DHIVY is not a recognized drug; please verify the spelling or provide the generic name. Assuming a typo for DIVIGY (degarelix) or similar, otherwise no data.
ESTROSTEP 21 is a monophasic oral contraceptive containing norethindrone acetate and ethinyl estradiol. Due to its low estrogen dose (20 mcg), it may be associated with more breakthrough bleeding compared to higher-dose pills. It is indicated for contraception and may be used for acne treatment. The 21-day regimen requires a 7-day hormone-free interval. Counsel patients that smoking increases the risk of serious cardiovascular adverse effects; avoid in women over 35 who smoke.
Do not use this drug without correct identification.
Take one tablet daily at the same time each day for 21 days, then no pills for 7 days.,If you miss a dose, follow the package instructions; use backup contraception if missed more than one tablet.,Do not smoke while taking this medication; smoking increases risk of blood clots, stroke, and heart attack, especially if over 35.,Common side effects include spotting, nausea, breast tenderness, and headache; these often improve after a few cycles.,Seek emergency care if you have signs of a blood clot: sudden leg pain, chest pain, shortness of breath, or vision changes.,This medication does not protect against HIV or other sexually transmitted infections.,Take missed pills as soon as remembered; do not take more than two tablets in one day.
No interactions on record
No interactions on record
Explore head-to-head clinical comparisons of other medications in the same therapeutic classes.
Common clinical questions about DHIVY vs ESTROSTEP 21, answered by our medical review team.
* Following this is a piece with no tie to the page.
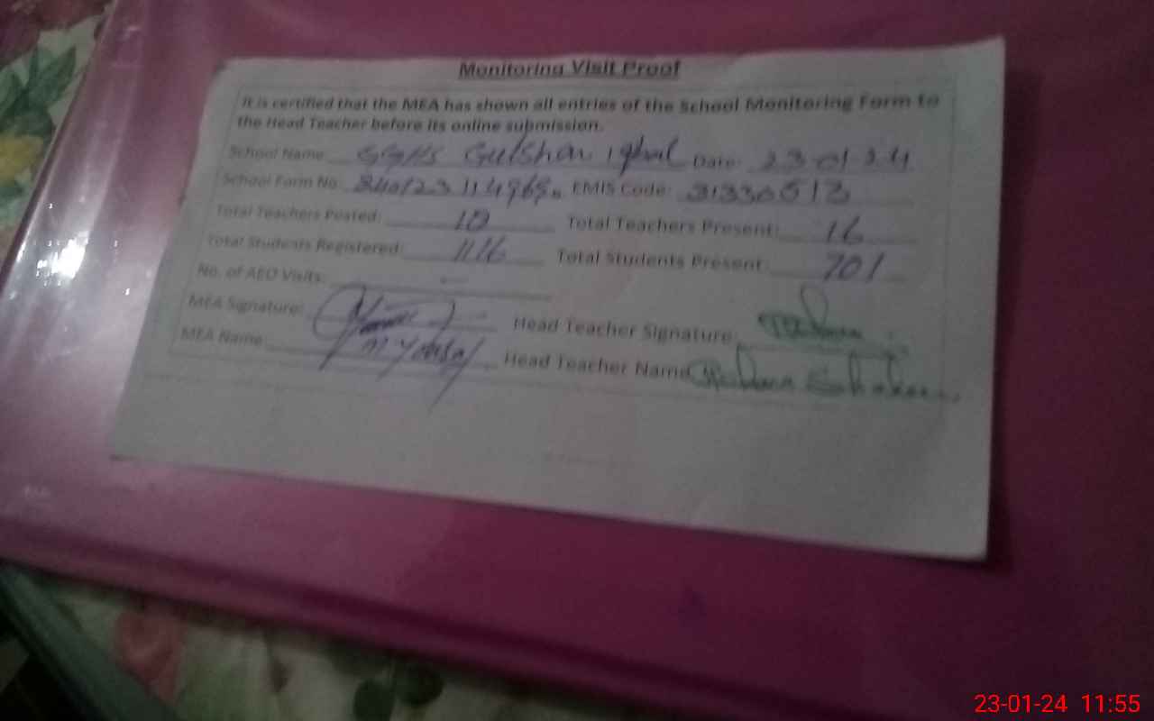 | EMIS Code: 31330513 | Name of School: GGHS GULSHAN IQBAL | |||

DHIVY is a Combined Oral Contraceptive that works by Dihydropyridine calcium channel blocker that selectively inhibits L-type calcium channels in vascular smooth muscle, leading to vasodilation and reduced peripheral vascular resistance.. ESTROSTEP 21 is a Combined Oral Contraceptive that works by Estrostep 21 is a combination oral contraceptive containing ethinyl estradiol and norethindrone acetate. It works primarily by suppressing gonadotropin-releasing hormone (Gn RH) from the hypothalamus, reducing luteinizing hormone (LH) and follicle-stimulating hormone (FSH) secretion from the pituitary, thereby inhibiting ovulation. Additionally, it thickens cervical mucus to impede sperm penetration and alters the endometrium to reduce implantation likelihood.. They differ in pharmacokinetic profiles, FDA-approved indications, and side effect profiles.
Potency comparisons between DHIVY and ESTROSTEP 21 depend on the specific clinical indication. These are both Combined Oral Contraceptive agents and are not directly interchangeable by dose. A physician or clinical pharmacist should guide any therapeutic switching decisions.
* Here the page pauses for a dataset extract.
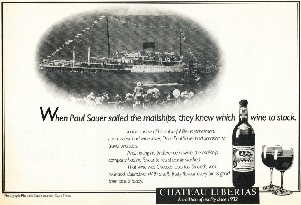 Toe onthou ek die advertensie wat ek gesien het vir die wyn waaraan Sauer op sy reise voorkeur sou gegee het. Dankie tog vir Chateau Libertas waarop ek altyd kon terugval, ook lank na daardie vaart. (Daardie tradisionele Pendennis-drankie Pimms No. I, vrugtig met ’n stewige jenewerbasis en ’n paar titseltjies verskillende likeurs, het ek ook lank gekoester. )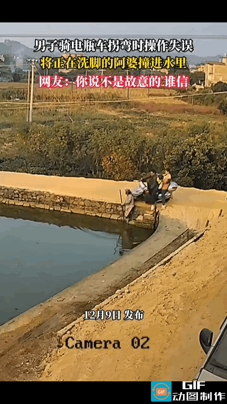 “小伙,你是故意的吧,我怎么感觉,你就是故意冲着我来。” 阿婆站在水边洗拖把,小伙骑着电动车从岸上经过,转弯时操作失误,电动车失控冲入河里,正好将站在河边的阿婆撞进水里。 这种巧合也太罕见了,感觉小伙就像是瞄准了对着阿婆冲过去的,说不是故意的,谁信啊。 其实,肇事元凶应该是那只黑狗,电动车转弯时,狗狗也正好跑到了交叉路口。 电动车为了避让狗狗,转弯半径小了点,结果就冲到了河里,还把阿婆也撞翻了。 三人都掉到了水里,阿婆是最冤的,肇事元凶倒跑得远远的。 这算不算肇事逃逸啊?

The standard adult dose of DHIVY is: DHIVY is not a recognized drug. No dosing information available.. The standard adult dose of ESTROSTEP 21 is: One tablet orally once daily for 21 days, each tablet contains norethindrone acetate 1 mg and ethinyl estradiol 20 mcg.. Dosing should always be individualized based on indication, renal and hepatic function, age, and other patient factors.
No direct drug-drug interaction has been formally documented between DHIVY and ESTROSTEP 21 in current clinical databases. However, individual patient risk factors including other medications, organ function, and comorbidities should always be evaluated by a qualified healthcare provider.
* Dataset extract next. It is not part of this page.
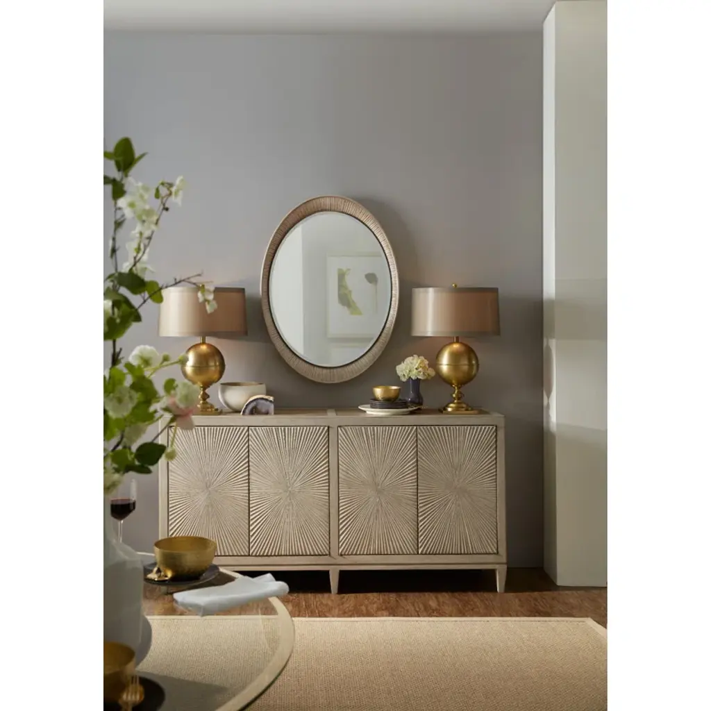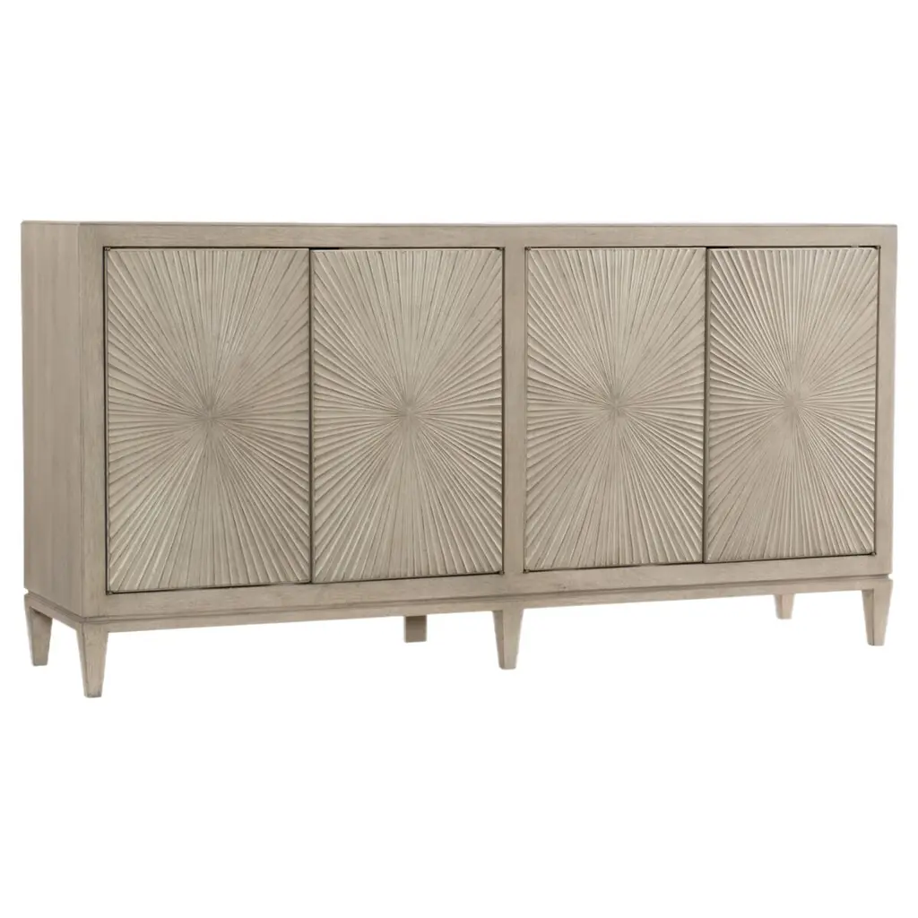 With the stunning textured starburst pattern on the doors, you will want to show off the elixir buffet throughout your home. Use it in the hall as an entry piece, in the dining room as a buffet, or use this tv-ready piece in the family room as an entertainment center or console. The 4 doors have touch latches, and there are 2 drawers and 2 adjustable shelves behind each set of doors. Ventilated back panel. Accommodates up to 70-inch flat-screen tv. Elixir is a casual contemporary collection that, as its name implies, exudes a feeling of comfort, simplicity, and well-being. While elixir has crisp, clean lines, character and visual interest are also achieved through the use of texture. Textural interest comes from the use of lightly sand-blasted walnut veneer, the light texture applied to the metal elements along with a hand-carved texture added to the surface of select pieces such as the oval mirror and the round dining table. The buffet offers a beautiful carved starburst pattern on the doors.

The maternal-fetal safety profiles differ. DHIVY is classified as Category C. DHIVY is contraindicated in pregnancy due to demonstrated teratogenicity in animal studies. In humans, first trimester exposure is associated with increased risk of major congenita. ESTROSTEP 21 is classified as Category C. Estrostep 21 (norethindrone acetate/ethinyl estradiol) is contraindicated in pregnancy. First trimester: increased risk of cardiovascular malformations, limb reduction defects, and. Always consult a maternal-fetal medicine specialist before taking either drug during pregnancy or lactation.